There is still plenty to see...
The trees have lost their leaves and the days are shorter, darker and colder. These things are part of the seasons, and part of living half way between the equator and the north pole. Despite people staying indoors more, winter has plenty to offer walkers who make use of the quieter paths and frosted mornings, and that includes experiencing wildlife.
Britain may have many birds that migrate here from the south for our summer, but we also have birds that come from the north and overwinter here. The migratory species of geese and swans are the easiest to spot of these species as they’re large and distinctive, and will frequently have travelled from all over the Arctic, from Greenland to Iceland to Siberia, to the same wetlands, lakes and parks they have always come to.
Two species to start with are the Barnacle Goose, which can be found in northern Cumbria, Ireland and the far north of Scotland, and which can be identified in comparison to the more widespread Canada Goose by its white face. Another is the Brent Goose, which has a fully black face, and can be found all along the south-eastern and south-western coats, as well as on the coast of Northumberland. Even if the birds are far above and hard to identify, the sight of any group of geese flying in formation against the winter sky should make any walk a spectacular journey.
If birds are your thing, there are many more species that can be seen only in winter. And if you’re like me and seem to scare them away as soon as you get the binoculars out, at least bare trees make seeing anything that bit easier.
The other advantage of winter is that animal prints are preserved in snow and cold thickening mud. It’s often the case when walking over a quiet moorland or through a woodland that can appear all but deserted, that these prints are surprisingly numerous. It’s especially satisfying to see evidence of animals that are only infrequently seen, especially by those of us who live in towns and cities. It won’t take you long to identify key mammals such as badgers and hares, and the knowledge that you have crossed their paths can really enhance your day.

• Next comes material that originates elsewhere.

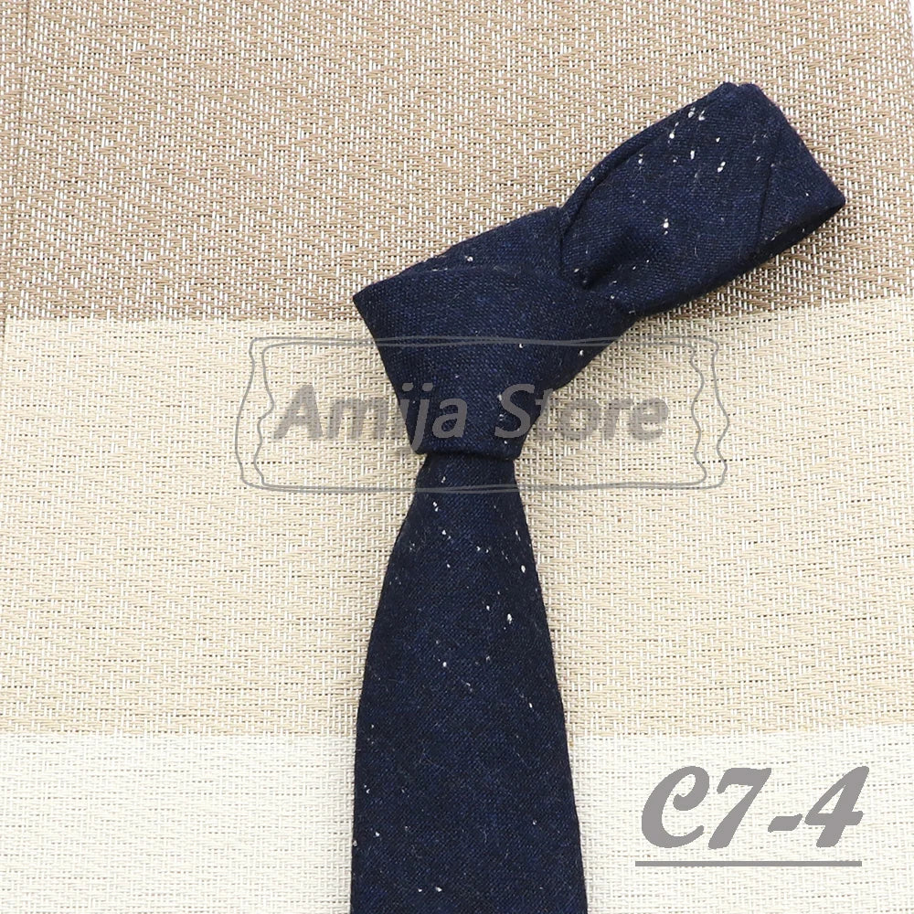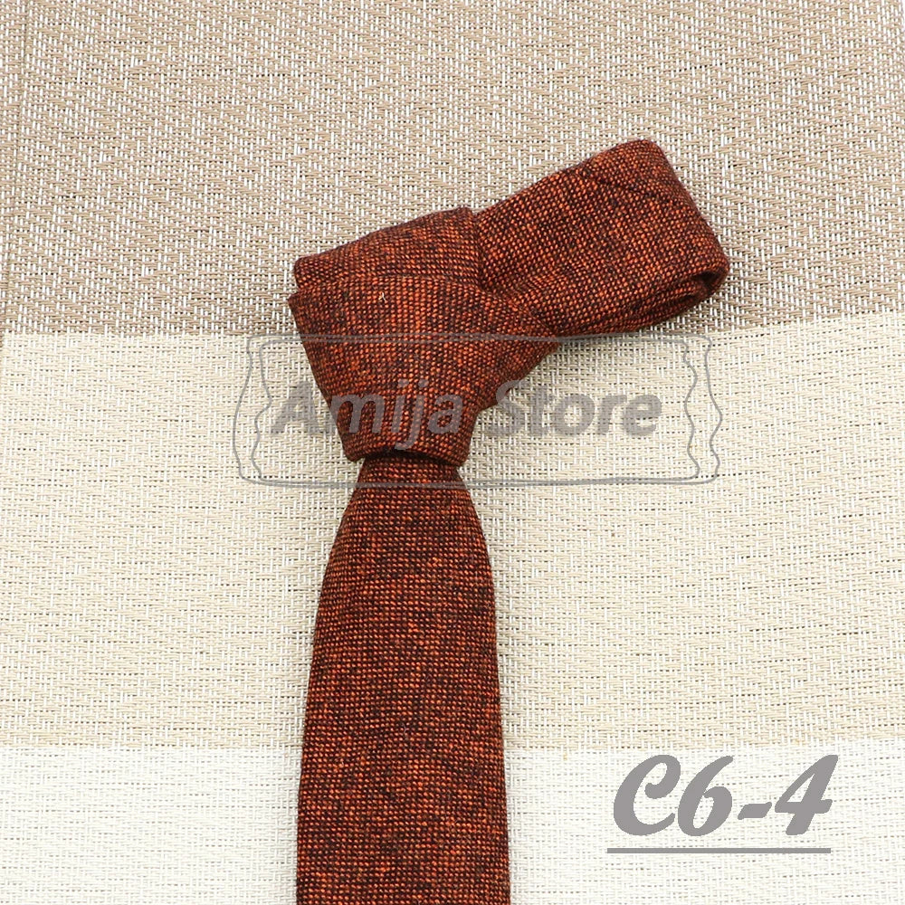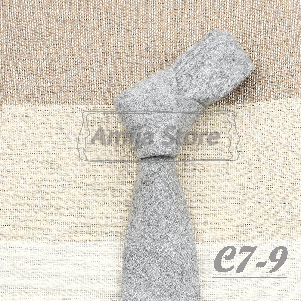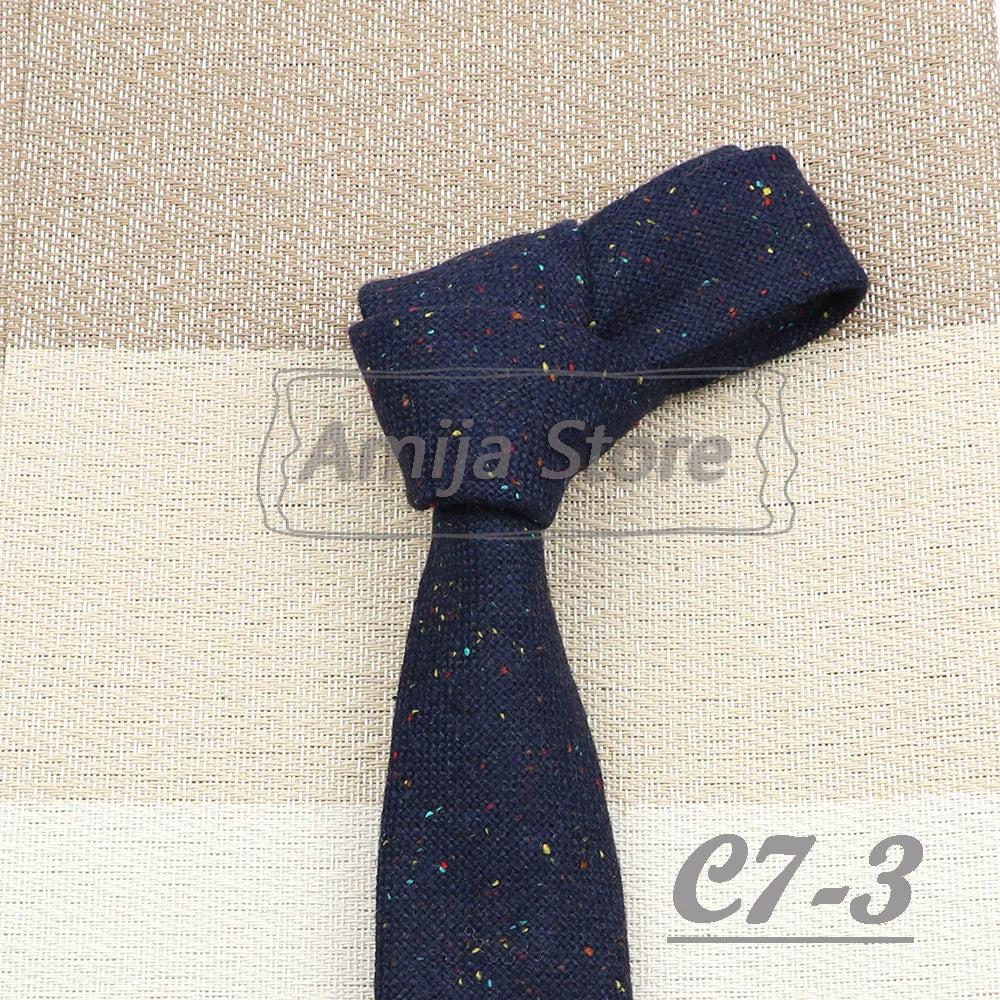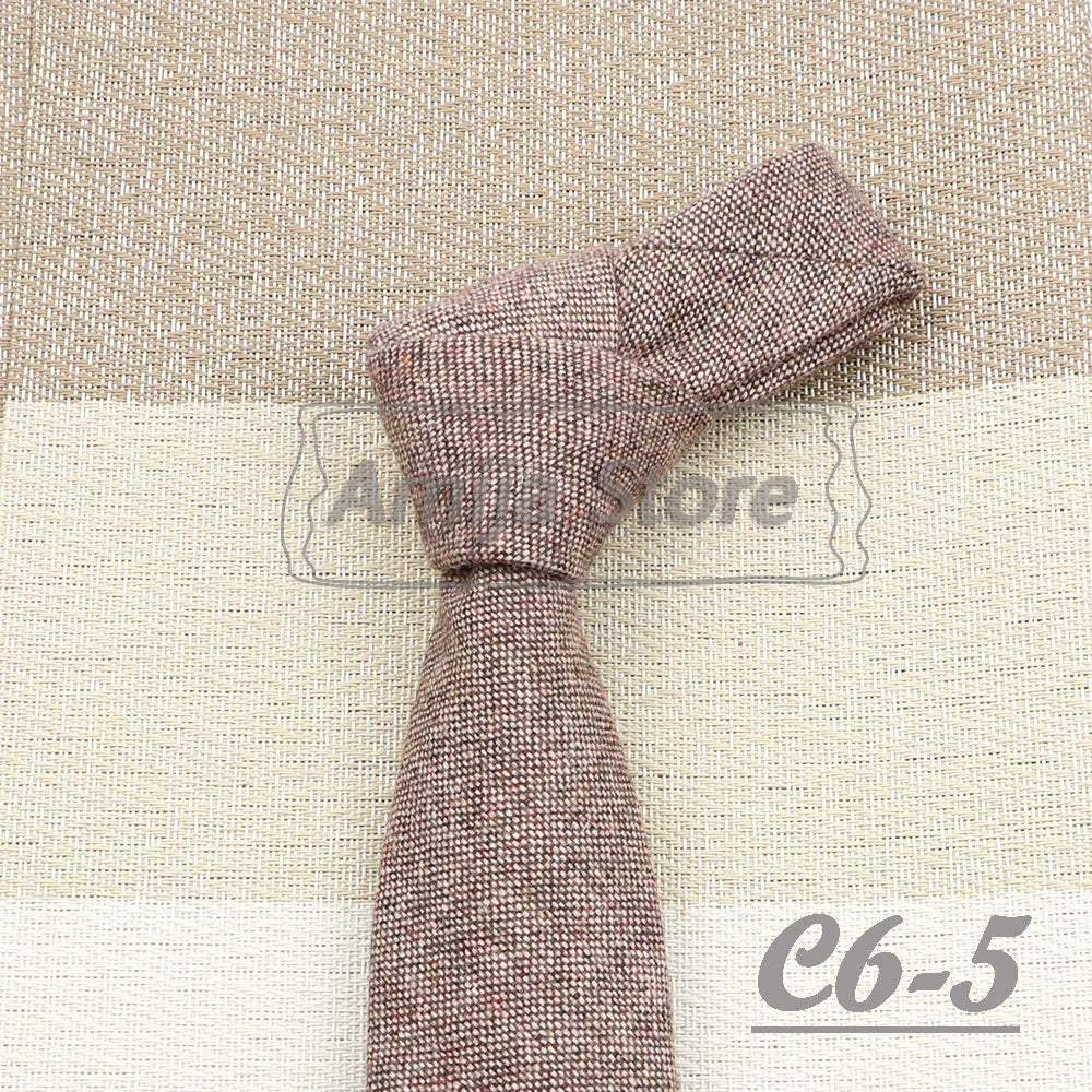 High Quality 100% Wool Tie Slim Solid Red Yellow Blue Ties Handmade Casual Fashion Men Woven Skinny Necktie For Wedding Party

Animals however aren’t the only wildlife that make winter walking such a pleasure. Though autumn is traditionally the season for mushrooms, there are often species which make it through the year to January, from the uplands to woodlands. And just because the leaves have gone doesn’t mean the woodlands are any less beautiful; if you want to work out what the trees are, you can often just examine the leaves under your feet; and look out for berries, especially on holly.
If you’re unsure where to start, why not go on a guided walk, where there will probably be people who are also keen to look at the world around them. And if your guide isn’t a wildlife expert, at least they can do the navigation so you can keep your eyes on the view.